The JVM based KafkaConsumer contains a check that rejects nested invocations from different threads (in method acquire). For programs that use an async runtime, this is an almost impossible requirement. Also, the check is more strict than is required; we only need to validate that there is no concurrent access to the consumer.
Examples of affected async runtimes are Kotlin co-routines (see KAFKA-7143) and Zio.
Here follows a condensed example of how we'd like to use ZIO in the rebalance listener callback from the zio-kafka library.
def onRevoked(revokedTopicPartitions: Set[TopicPartition], consumer: KafkaConsumer) = { for { _ <- ZIO.logDebug(s"${revokedTps.size} partitions are revoked") state <- currentStateRef.get streamsToEnd = state.assignedStreams.filter(control => revokedTps.contains(control.tp)) // Note, we run 1 stream per partition. _ <- ZIO.foreachParDiscard(streamsToEnd)(_.end(consumer)) // <== Streams will commit not yet committed offsets _ <- awaitCommitsCompleted(consumer).timeout(15.seconds) _ <- ZIO.logTrace("onRevoked done") } yield () }
This code is run using the ZIO-runtime as follows from the {{ConsumerRebalanceListener::onPartitionsRevoked}} method:
def onPartitionsRevoked(partitions: java.util.Collection[TopicPartition]): Unit = { Unsafe.unsafe { implicit u => runtime.unsafe .run(onRevoked(partitions.asScala.toSet, consumer)) .getOrThrowFiberFailure() () } }
(Note that this code is complex on purpose, starting a ZIO workflow from scratch is not something you would normally do.)
Look at line 6 of the first code block.
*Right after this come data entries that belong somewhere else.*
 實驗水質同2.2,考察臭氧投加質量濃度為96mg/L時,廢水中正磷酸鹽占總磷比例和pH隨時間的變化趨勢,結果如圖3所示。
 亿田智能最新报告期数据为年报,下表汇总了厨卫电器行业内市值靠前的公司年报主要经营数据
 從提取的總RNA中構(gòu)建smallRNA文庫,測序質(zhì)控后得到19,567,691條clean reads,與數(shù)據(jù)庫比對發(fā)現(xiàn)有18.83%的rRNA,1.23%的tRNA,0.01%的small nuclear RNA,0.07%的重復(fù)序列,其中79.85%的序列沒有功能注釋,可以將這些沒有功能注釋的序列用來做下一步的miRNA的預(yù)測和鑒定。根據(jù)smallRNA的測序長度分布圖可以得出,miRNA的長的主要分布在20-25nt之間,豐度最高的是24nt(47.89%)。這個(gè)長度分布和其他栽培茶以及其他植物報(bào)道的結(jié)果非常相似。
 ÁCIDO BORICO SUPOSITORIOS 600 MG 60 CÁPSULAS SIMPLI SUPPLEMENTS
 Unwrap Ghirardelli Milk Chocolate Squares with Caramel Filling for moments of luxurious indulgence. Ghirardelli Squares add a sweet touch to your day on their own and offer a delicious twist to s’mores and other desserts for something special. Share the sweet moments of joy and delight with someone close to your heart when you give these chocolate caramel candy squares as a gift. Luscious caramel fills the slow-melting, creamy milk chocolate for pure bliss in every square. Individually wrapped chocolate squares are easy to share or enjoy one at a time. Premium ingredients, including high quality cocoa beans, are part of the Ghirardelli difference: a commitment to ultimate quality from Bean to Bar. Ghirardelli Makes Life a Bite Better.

In method end
the stream will try to call consumer::commitAsync(offsets, callback)
. In awaitCommitsCompleted()
(line 7) we call consumer::commitSync(Collections.emptyMap)
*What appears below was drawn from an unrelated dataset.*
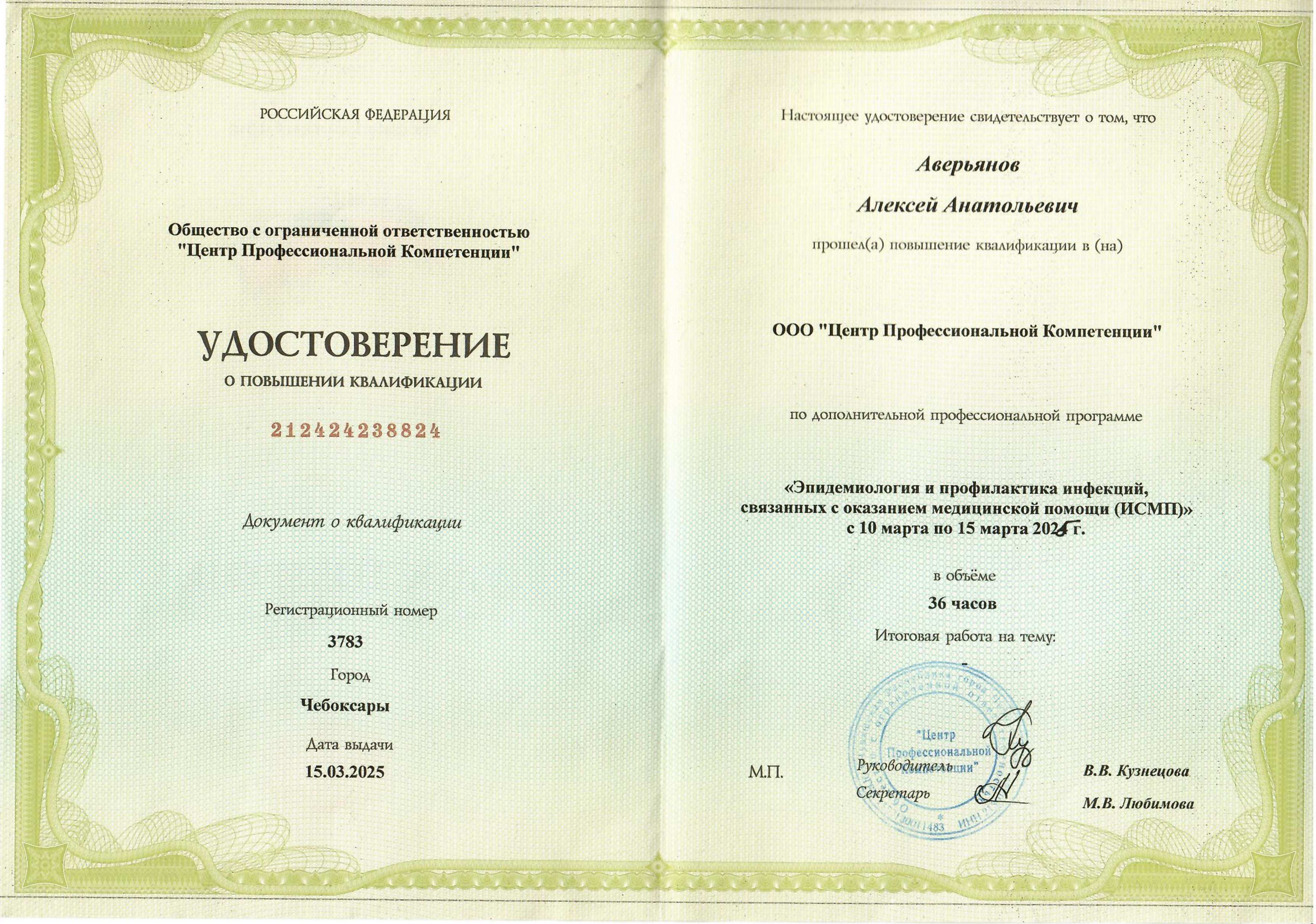 - 2025г. — ООО Центр Профессиональной Компетенции по программе Эпидемиология и профилактика инфекций, связанных с оказанием медицинской помощи (ИСМП).

to wait untill all callbacks are invoked.
Since this code is running in the rebalance listener callback, KafkaConsumer enforces that the commit methods must be invoked from the same thread as the thread that invoked onPartitionsRevoked
. Unfortunately, the ZIO runtime is inherently multi-threaded; tasks can be executed from any thread. There is no way Zio could support this limitation without a major rewrite.
Public Interfaces
Two methods will change from private to protected: org.apache.kafka.clients.consumer.KafkaConsumer:acquire
and in the same class method ::release
.
Proposed Changes
See section 'public interfaces' above.
The change will allow custom sub-classes to implement acquire
and release
any way they like.
Implementation rules for sub classes that override acquire and release
Methods acquire
and release
ensure that only 1 thread can invoke the consumer at a time. Similarly, they ensure that only 1 thread can invoke the consumer from code that is running in a consumer callback.
Methods acquire
and release
also need to make sure that memory writes from all threads involved are visible for each other.
When acquire
and release
are overridden, it is up to the implementation to uphold these requirements.
Compatibility, Deprecation, and Migration Plan
For existing users nothing changes. There is no need to deprecate anything. No migration is needed.
Test Plan
Since the change does not change behavior of the library, no additional tests are needed.
Rejected Alternatives
See KIP-944 for a viable alternative.